MUREX Ethernet Switch V1_

MUREX Robotics is Phillips Exeter Academy’s High School Underwater Robotics Team competing in the MATE Underwater ROV Competition.

We have a grand vision: to democratize technology for all. Despite being just a high school robotics team, MUREX strives to uphold that standard in every way possible. We’ve yet again made a stride towards out ambitious dream in a recent project regarding the networking system of out underwater ROV.

While designing the new electrical system for the MUREX ROV, we realized the need for an embedded (and small) Ethernet switch. We needed something to connect our custom CM4-based control board, PLC module, and vision system –– consisting of multiple IP cameras. Instinctively, we turned towards the internet in search of a performant and affordable solution.

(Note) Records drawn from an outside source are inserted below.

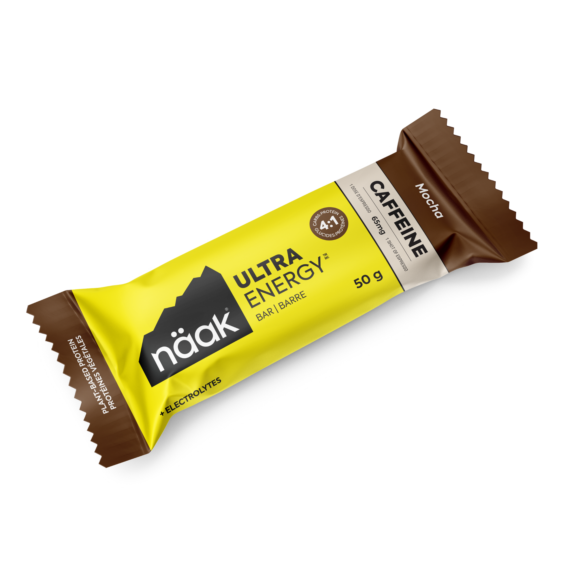 Avec 65mg de caféine, un rapport glucide/protéine de 4:1 et 480mg d'électrolytes, les barres caféinées Näak augmentent la concentration et l'endurance, tout en réduisant la fatigue musculaire.
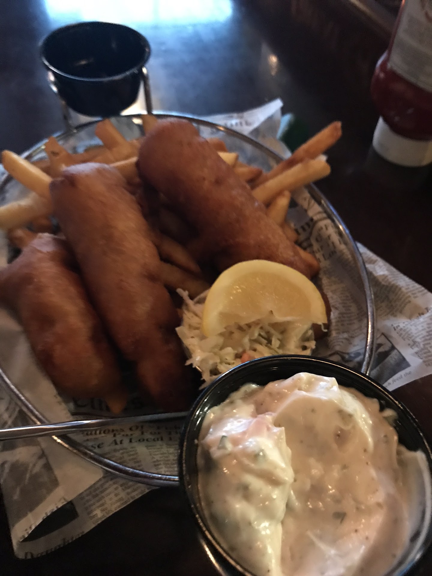 We ordered drinks. My Long Island Ice Tea was not very potent. The beer keg was spewing foam and so the beer took a long time to arrive (it arrived after happy hour had begun, but we were charged the non-happy hour price). The burger we ordered was something with Gouda and bacon. We got upcharged to get buffalo instead of beef. Despite its many toppings and cheeses, the burger was bland. We got the Nakomis Nachos. They come in an impressive stack, but most of those don’t have a single topping on them. Only the top first layer has toppings. So those were disappointing. We also got the Honey Pepper Salmon Club. It was a farm-raised salmon fillet (which, because they feed them fish pellets, tastes a lot more “fishy” than a wild fillet). The fillet was dry, and the sandwich was also not exciting considering the ingredients/description. The French fries appeared cooked in grease that was not hot enough and thus arrived wet with oil. We were upcharged for a side of ranch dressing that I said I only wanted if it was going to be free.
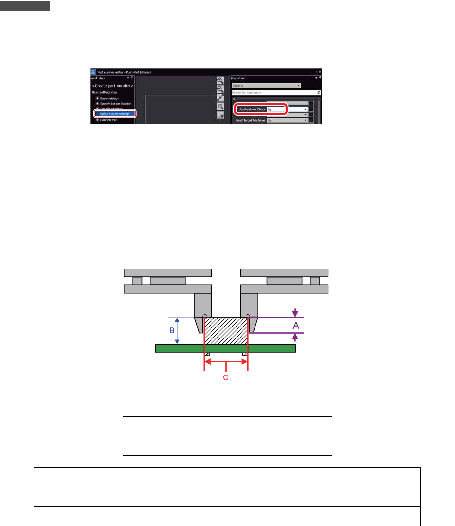 进行贴装元件压下动作时,不能使用吸取元件的正反判定功能。请将元件号码的 [ 基本设定步骤 ]-[ 其他的
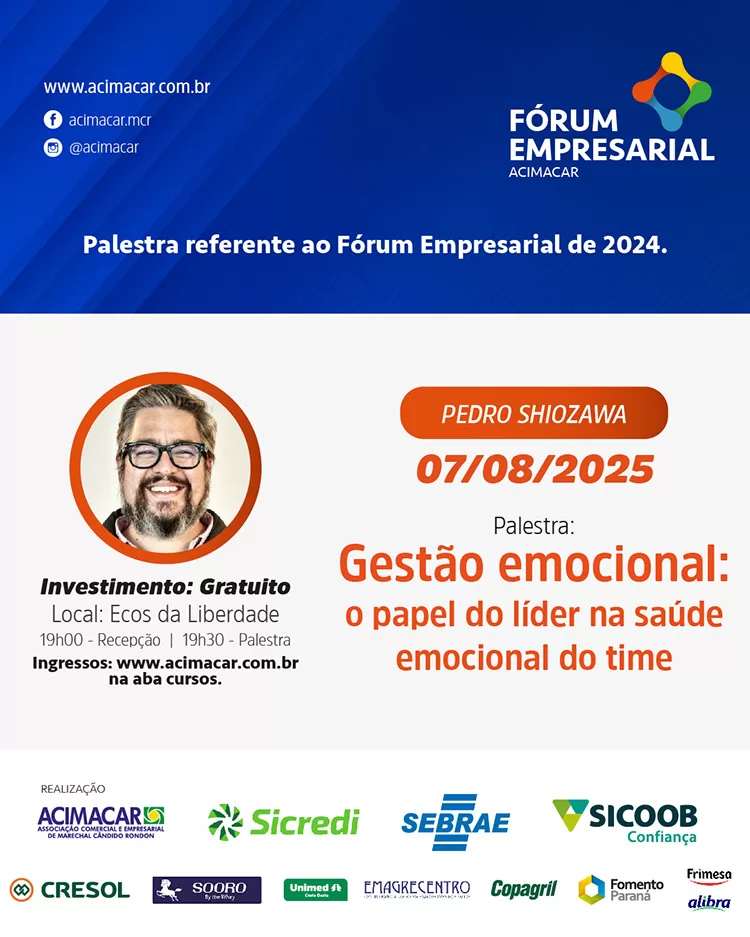 Inicialmente prevista para a edição de 2024 do Fórum Empresarial promovido pela entidade, a participação de Shiozawa foi adiada por motivos de saúde do palestrante. Agora, a Acimacar retoma essa relevante discussão, oferecendo ao público a oportunidade de debater um dos temas mais urgentes do ambiente corporativo atual: a gestão emocional nas lideranças e seus impactos sobre os times.
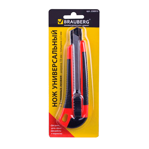 Универсальный нож Brauberg + 2 сменных лезвия, код производителя 230919, шириной 18 мм, толщиной 0.5 мм, черно-красного цвета. Материал корпуса – пластик и резина. Продаются в картонной упаковке с европодвесом. Производится в России.

Unfortunately, that search was to no avail. The 5-port Ethernet switch by Blue Robotics — a major sponsor of the MATE ROV Competition — costs a whopping $175 per unit! The SwitchBlox by BotBlox — a company specializing in Ethernet solutions — doesn’t do much better at $72. Finally, we found Allbord, a company offering cheap but robust switches. Sadly, they are based in Shenzhen, China.

So, we decided to take matters into our own hands (as usual)…

After extensive summer research and intermittent work by our budding electrical team throughout the fall, we present the MUREX Ethernet Switch: a 5-port unmanaged Fast Ethernet (100BASE-TX) switch compliant with the IEEE 802.3u standard, matching commercial solutions in size and performance. Additionally, the BOM costs just under $15 per unit! Most importantly, it is fully open-source, so anyone can follow and improve upon our solution.

It works!

>>> Testing Conditions
Two Gigabit enabled computers
running iperf 2.1.9
one serving as local network DHCP host
connected through
MUREX Ethernet Switch
// TCP window size: 162 KByte (default)
>>> Results
Bandwidth (host): 94.1 Mbits/sec
Bandwidth (client): 94.4 Mbits/sec
Total Transfer: 113 MBytes

In this brief post we hope to share our design process, as well as note the various insights and mistakes we made along the way. We are no experts, however, we hope that our readers (yes, you!) will also embrace the open-source spirit and comment any ideas or feedback down below. Let’s get started.

Design Rationale

The IC of choice must be robust, easy to use, and widely available. Of course, a low price tag is also very beneficial. MUREX selected the IP175G due to its availability and commonality in embedded applications, although similar ICs like the RTL8305NB-CG could also be used. The pin-compatible IP175GHI can be used in harsh conditions with wider temperature ranges than the IP175G – perhaps a new version down the road?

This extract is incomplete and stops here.